Available data:
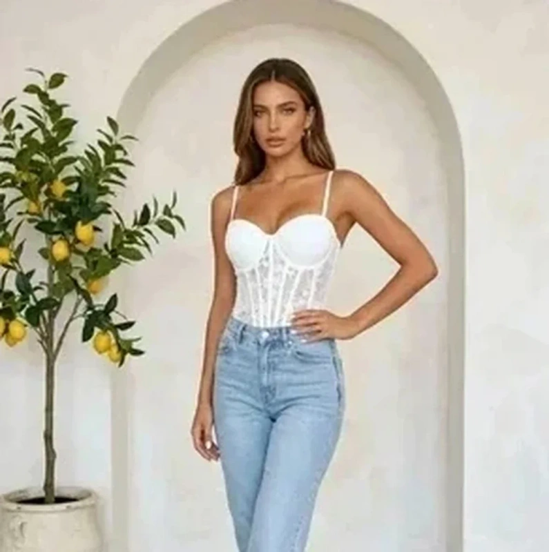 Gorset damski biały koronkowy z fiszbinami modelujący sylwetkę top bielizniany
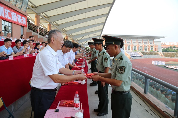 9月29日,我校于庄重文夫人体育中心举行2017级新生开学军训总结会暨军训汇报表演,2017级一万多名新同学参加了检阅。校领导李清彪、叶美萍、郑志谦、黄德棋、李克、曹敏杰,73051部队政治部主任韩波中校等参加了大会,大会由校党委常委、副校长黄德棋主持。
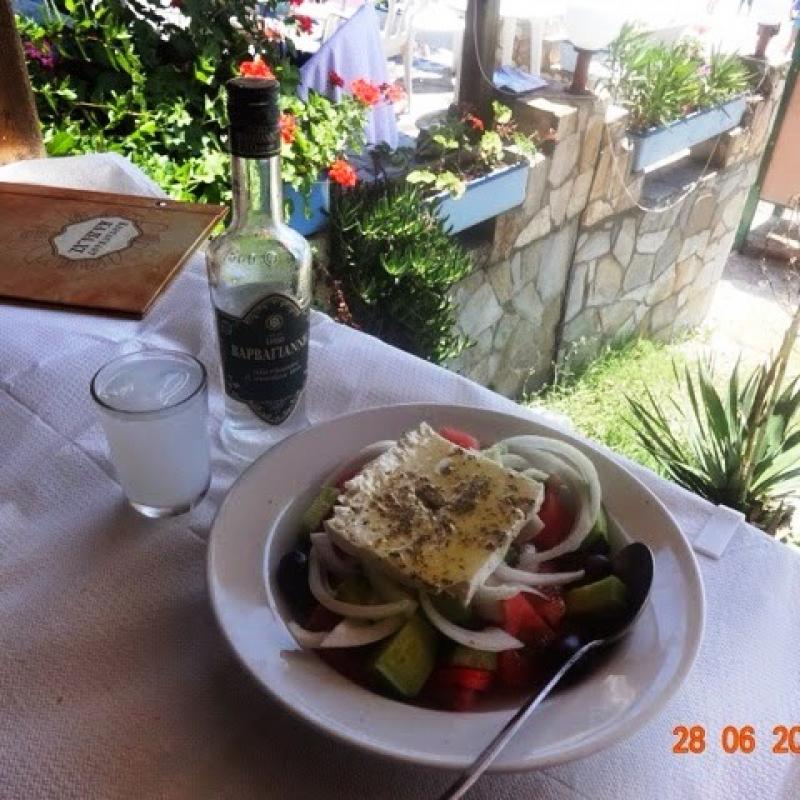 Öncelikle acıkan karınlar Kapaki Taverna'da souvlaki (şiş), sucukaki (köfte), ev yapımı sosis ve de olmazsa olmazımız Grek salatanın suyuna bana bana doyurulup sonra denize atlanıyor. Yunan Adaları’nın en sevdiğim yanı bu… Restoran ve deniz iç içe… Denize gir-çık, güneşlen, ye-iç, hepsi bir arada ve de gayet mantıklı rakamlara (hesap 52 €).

Description of the task:
Exclude the pictures from the copy. Retype exactly the lines running from the one containing "9月29日,我校于庄重文夫人" through the last line of the listing.

Output for this exercise:
 9月29日,我校于庄重文夫人体育中心举行2017级新生开学军训总结会暨军训汇报表演,2017级一万多名新同学参加了检阅。校领导李清彪、叶美萍、郑志谦、黄德棋、李克、曹敏杰,73051部队政治部主任韩波中校等参加了大会,大会由校党委常委、副校长黄德棋主持。
 Öncelikle acıkan karınlar Kapaki Taverna'da souvlaki (şiş), sucukaki (köfte), ev yapımı sosis ve de olmazsa olmazımız Grek salatanın suyuna bana bana doyurulup sonra denize atlanıyor. Yunan Adaları’nın en sevdiğim yanı bu… Restoran ve deniz iç içe… Denize gir-çık, güneşlen, ye-iç, hepsi bir arada ve de gayet mantıklı rakamlara (hesap 52 €).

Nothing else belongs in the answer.